Marx, Madison, and me

It may surprise you to find out that I was on the debate team in high school.  I know, right?  As cool and non-nerdy as I am, it’s hard to believe yet it is a fact.  “Debate Team” though is a little misleading because what I really did well was “Congress” which, as you might have gathered, is where you have bills and stuff and act like you are actually in a legislative assembly.  It’s possible to succeed in this event through bullshit and force of personality, unlike the more serious events such as “Lincoln – Douglas” debate.

My girlfriend did L/D (such is the hip air of the Forensics world, we have abbreviations for our nerditude.)  In a pattern which has repeated itself to this day, I associated myself with a woman who was smarter than me.  She would talk all about these Enlightenment philosophers like John Locke, Thomas Hobbes, and Jean-Jacques Rousseau while I would occasionally throw in a Karl Marx reference as an attempt to be cool.  Apparently, even amongst the most liberal debaters, Karl Marx was not cool.  Or more to the point, nobody really took his philosophy seriously as a basis for argument about principles of justices, equity, society, and so forth.

That may be in part because of the stain with which totalitarian regimes marred Marxist analysis of history.  It’s more likely that Marx just did not fit in to the American formulation of society and government, a formulation which is widely considered to be the apotheosis of Enlightenment thought.  Our best expressions of this formulation are our founding documents: The Declaration of Independence and the Constitution.  The Declaration is an odd little document not only because it represents something fairly rare in history but also because it has a moral influence without actually being law.  The Constitution, on the other hand, is both historically significant and actual law.

And it is law with a purpose, to wit: “to form a more perfect union, establish justice, secure domestic tranquility, provide for the common defense, promote the general welfare and secure the blessings of liberty to ourselves and our posterity ….”  Everything that follows is supposed to be directed to this end.  James Madison, et al., enlightened people that they were, believed that their posterity would live in times which the authors of the constitution could only imagine.  Little did they know that we live in times they could not possibly have imagined.  Still our goals remain the same as our vision has broadened.

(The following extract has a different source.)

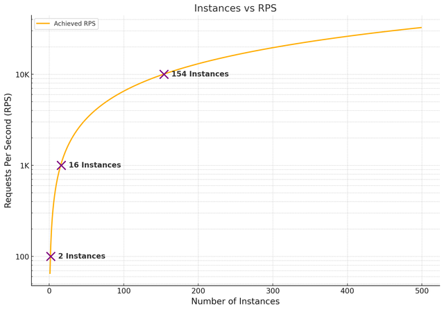 100ms - For 10,000 RPS: Need ~154 instances @ 95.7% efficiency,
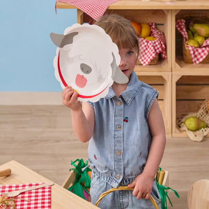 Set de 6 farfurii rotunde din carton certificat FSC, cu diametrul de 22,5 cm, decorate cu modele asortate de oaie, caine si gaina.

For instance: many if not all of the founders of our country believed that the franchise should be extended only to property owners (perhaps not coincidentally, almost always white men.)  Our understanding of who “the people” (as in “We the people ….”) are is much broader today, and our concern is how to secure the blessings of liberty to the people.  It can be fairly argued that one who cannot exercise his liberty effectively does not have it, and there are plenty of people in this country who are not at liberty.  I do not count myself among these people even though I can’t go to the Jar-E show at the LAB on Saturday.  Pre-teen sleepovers are not true stumbling blocks to the exercise of liberty.

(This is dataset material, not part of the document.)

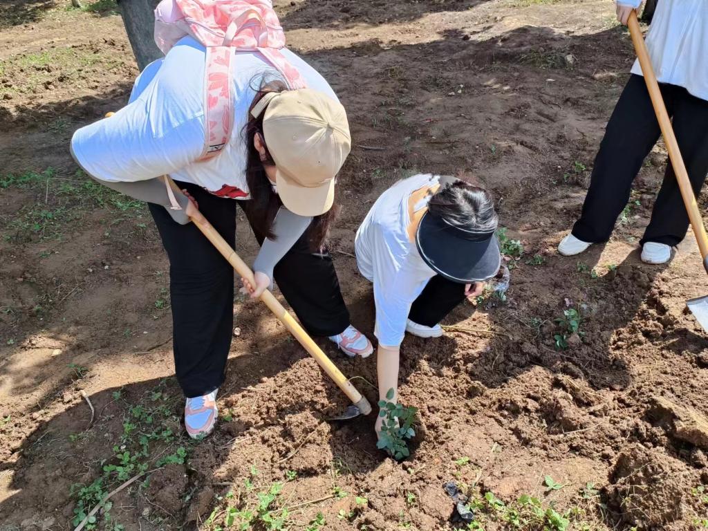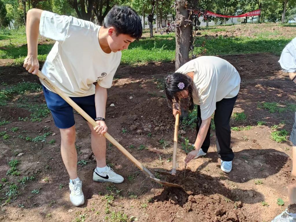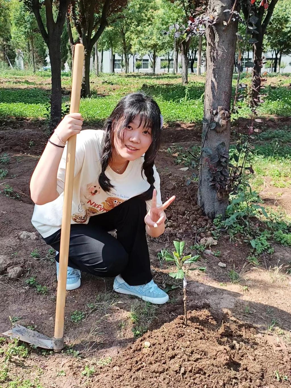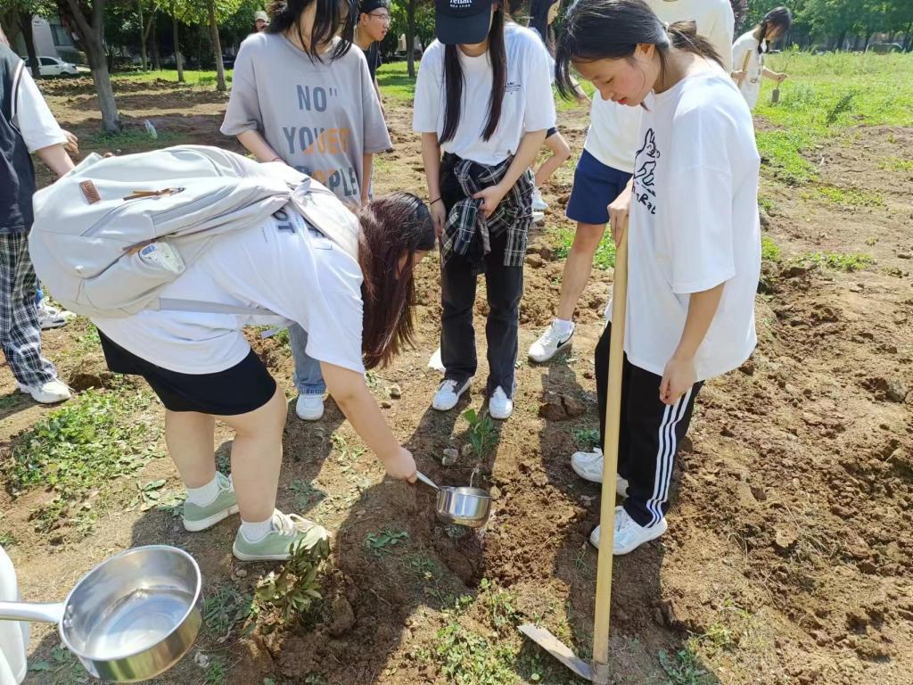 辅导员吕文静老师带领大家到达指定区域后讲解种树的步骤,指导和陪伴大家挖好每一个坑,培好每一锹土,植好每一棵树。同学们撸起袖子,相互配合,在劳动基地热火朝天地进行锄地,挖坑,扶苗,浇水等步骤,在大家的共同努力下,共有30多株树苗在劳动教育基地安家。在活动期间,同学们井然有序,干劲十足,都以积极热情的态度和实际行动来参与这次活动。

But economic inequities are, particularly when they are preserved and perpetuated by societal institutions.  Society and government are not one in the same, but in a multi-ethnic, multi-faith, multi-multi nation our government is the one tool we have that can shape our society.  Such is the lesson of the Civil War.  It is appropriate and reasonable to suggest that the government take an active role in reducing or eliminating the injustices in society that prevent portions of the citizenry from enjoying life, liberty, and the pursuit of happiness.  That role be as facilitator of transfer payments from wealthier segments of society to the impoverished or it might be of restraint of actions based in hate or conducted with the aim of inspiring fear and inaction in a segment of society.  For that matter, a government founded on Enlightenment principles might consider a wide variety actions aimed at supporting those principles in ways that its founders would never have had to consider.  Such actions are not, therefore, an abandonment of the principles for a new, Marixist philosophy.  They are instead an extension of said principles to their next logical step.